Make an exact transcript of the lines in the data below, starting with the one containing "ΚΑΘΗΜΕΡΙΝΗ - 27 Σεπτεμβρίου 2024" and going on through the one containing "女韩版 两件套女 2021夏季 运动服套装 立领短袖 长裤 女装 新款 休闲大码", with both included and the pictures left out.
(DATA EXTRACTS)
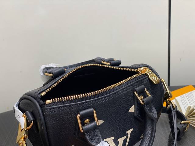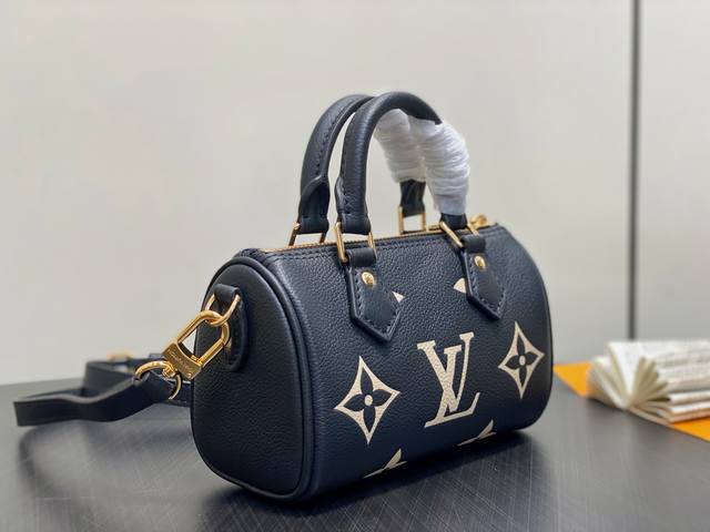 顶级原单 M82450黑色丝印 M81456全皮Speedy枕头包 本款 Nano Speedy 手袋 取材 Monogram Empreinte 压纹皮革,浓缩 Speedy 手袋的经典构型,并经过专业工艺呈现浪漫星空般的盈盈微光,宣示 Summer Stardust 系列的设计理念。可拆卸并调节的肩带实现多种背携方式。尺寸:16 X 10 X 7.5 厘米。
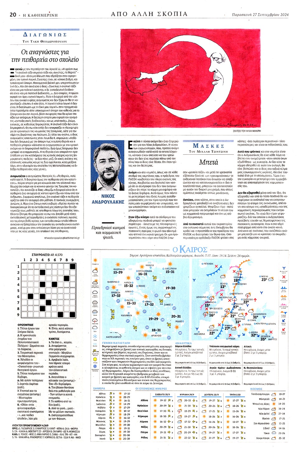 ΚΑΘΗΜΕΡΙΝΗ - 27 Σεπτεμβρίου 2024
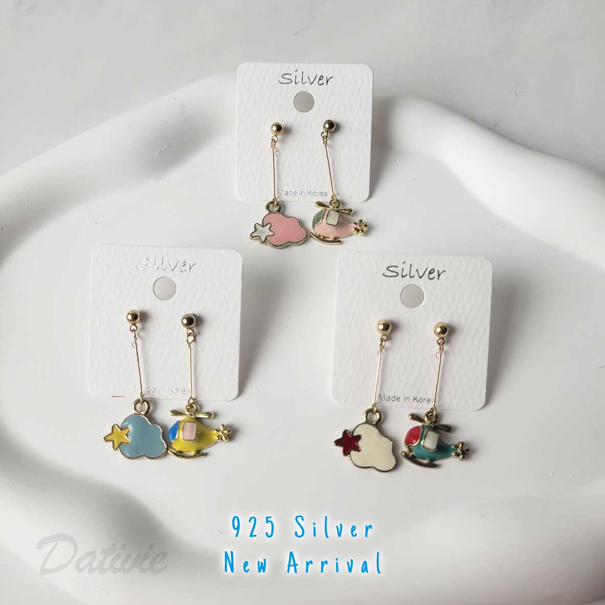 流行 可愛 直升機 雲朵 造型 垂墜 耳環
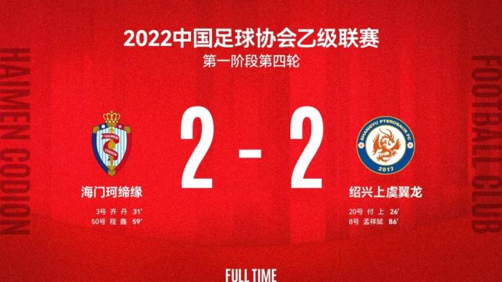 战报—齐丹、程鑫破门 珂缔缘2:2绍兴 遗憾收获平局!
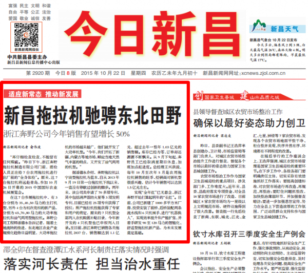 新昌新聞網(wǎng)記者 俞偉波 “再仔細(xì)檢查檢查,不能留有任何瑕疵。”昨日下午,浙江奔野拖拉機(jī)制造有限公司門前,質(zhì)檢人員正在給7臺農(nóng)用拖拉機(jī)進(jìn)行出廠前的“全身體檢”。原來,這7臺拖拉機(jī)將遠(yuǎn)赴青島,參加10月26日開幕的2015中國國際農(nóng)業(yè)機(jī)械展覽會。
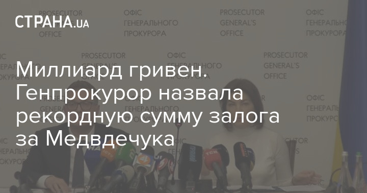 По словам главы ведомства, прокуратура будет требовать взять Медведчука под стражу за приобретение угля у "республик" Донбасса под залог в астрономическую сумму - один миллиард гривен. Это, пожалуй, рекордный размер залога за всю историю  независимой Украины.
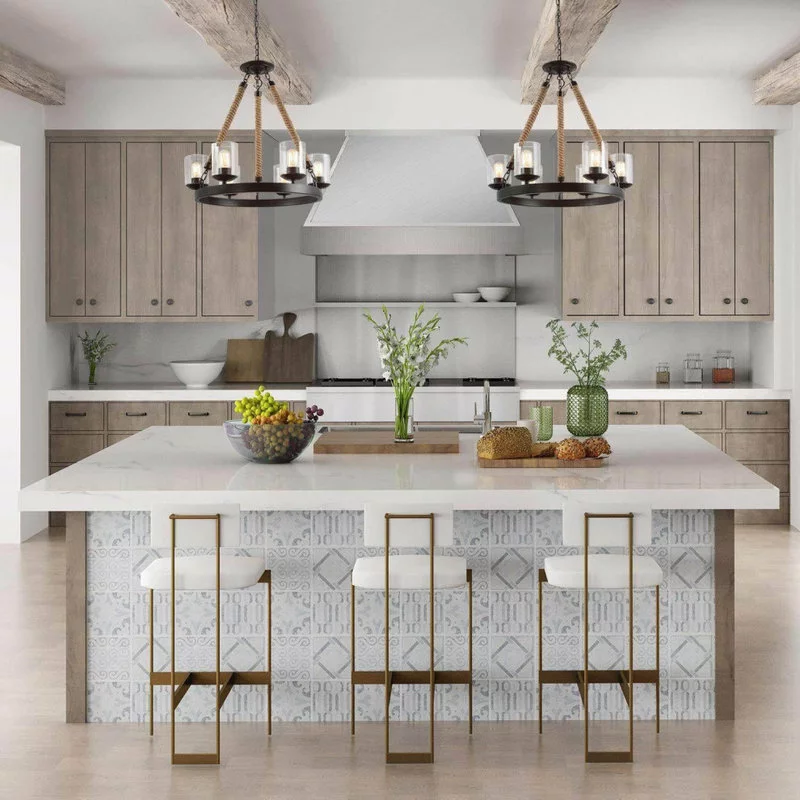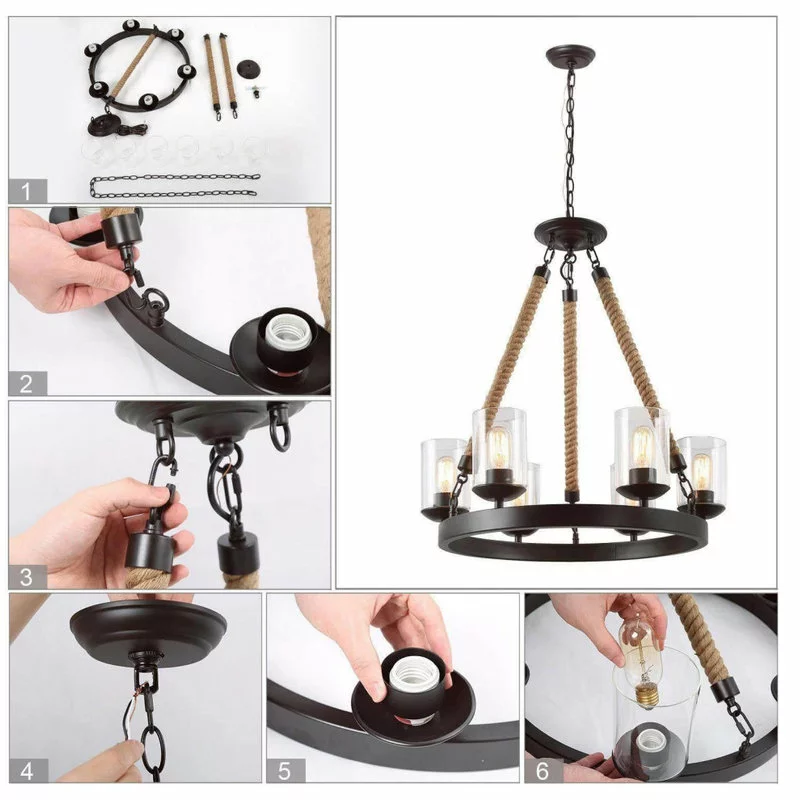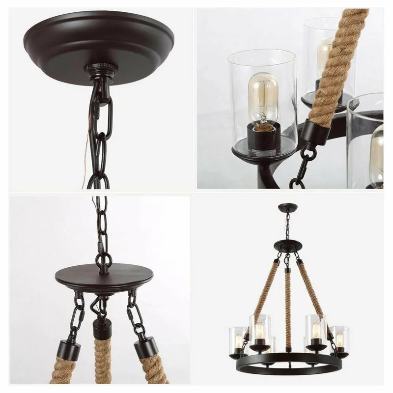 This 6-Light farmhouse wagon wheel chandelier to complete display rustic and eclectic style of your home with this rope collection. It features a bronze framed fixture with rope wrapped arms. The fixture is painted in a dark bronze finish, and complimented with a clear cylinder glass. Clean spherical iron frame gives this collection the status of an instant classic. Using with Edison filament bulbs to convey the retro visual.
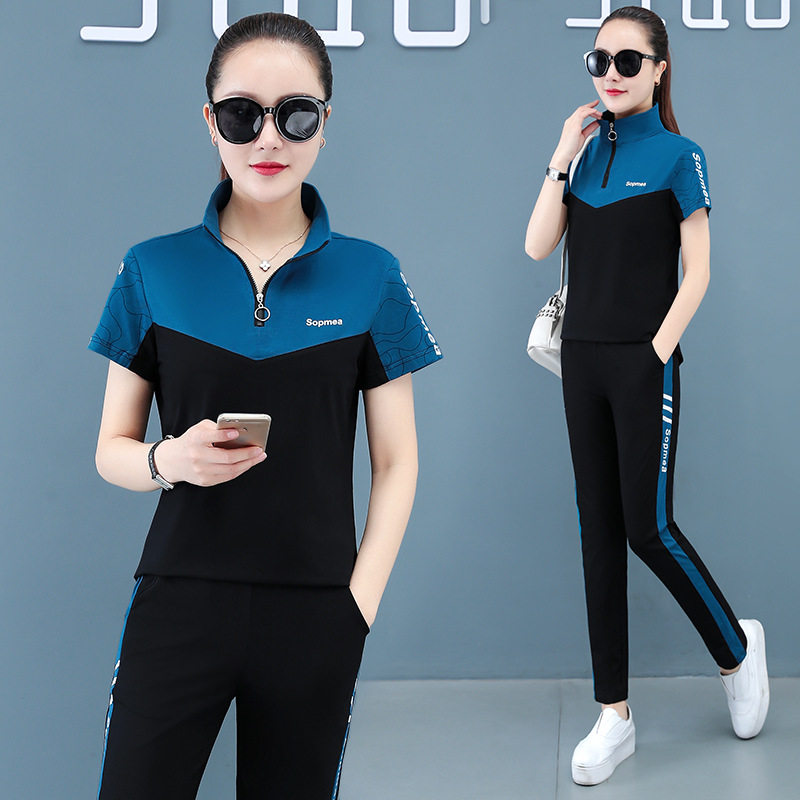 女韩版 两件套女 2021夏季 运动服套装 立领短袖 长裤 女装 新款 休闲大码
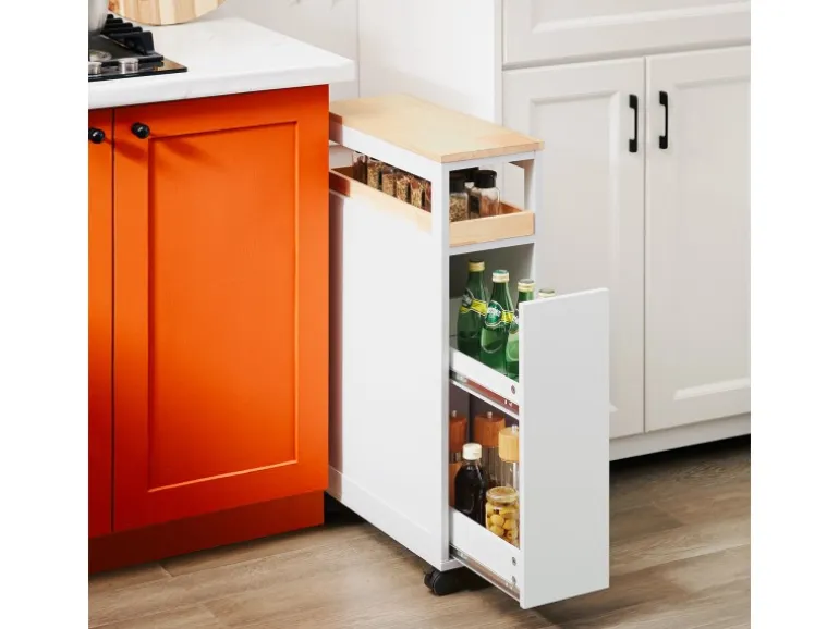 Mit 3 Schubladen bietet das Nischenregal eine Menge Stauraum für verschiedene Dinge, zum Beispiel Ihre Lebensmittel, Gewürze, oder Badeutensilien.
(End DATA EXTRACTS)
THE COMPLETED TASK:
 ΚΑΘΗΜΕΡΙΝΗ - 27 Σεπτεμβρίου 2024
 流行 可愛 直升機 雲朵 造型 垂墜 耳環
 战报—齐丹、程鑫破门 珂缔缘2:2绍兴 遗憾收获平局!
 新昌新聞網(wǎng)記者 俞偉波 “再仔細(xì)檢查檢查,不能留有任何瑕疵。”昨日下午,浙江奔野拖拉機(jī)制造有限公司門前,質(zhì)檢人員正在給7臺農(nóng)用拖拉機(jī)進(jìn)行出廠前的“全身體檢”。原來,這7臺拖拉機(jī)將遠(yuǎn)赴青島,參加10月26日開幕的2015中國國際農(nóng)業(yè)機(jī)械展覽會。
 По словам главы ведомства, прокуратура будет требовать взять Медведчука под стражу за приобретение угля у "республик" Донбасса под залог в астрономическую сумму - один миллиард гривен. Это, пожалуй, рекордный размер залога за всю историю  независимой Украины.
 This 6-Light farmhouse wagon wheel chandelier to complete display rustic and eclectic style of your home with this rope collection. It features a bronze framed fixture with rope wrapped arms. The fixture is painted in a dark bronze finish, and complimented with a clear cylinder glass. Clean spherical iron frame gives this collection the status of an instant classic. Using with Edison filament bulbs to convey the retro visual.
 女韩版 两件套女 2021夏季 运动服套装 立领短袖 长裤 女装 新款 休闲大码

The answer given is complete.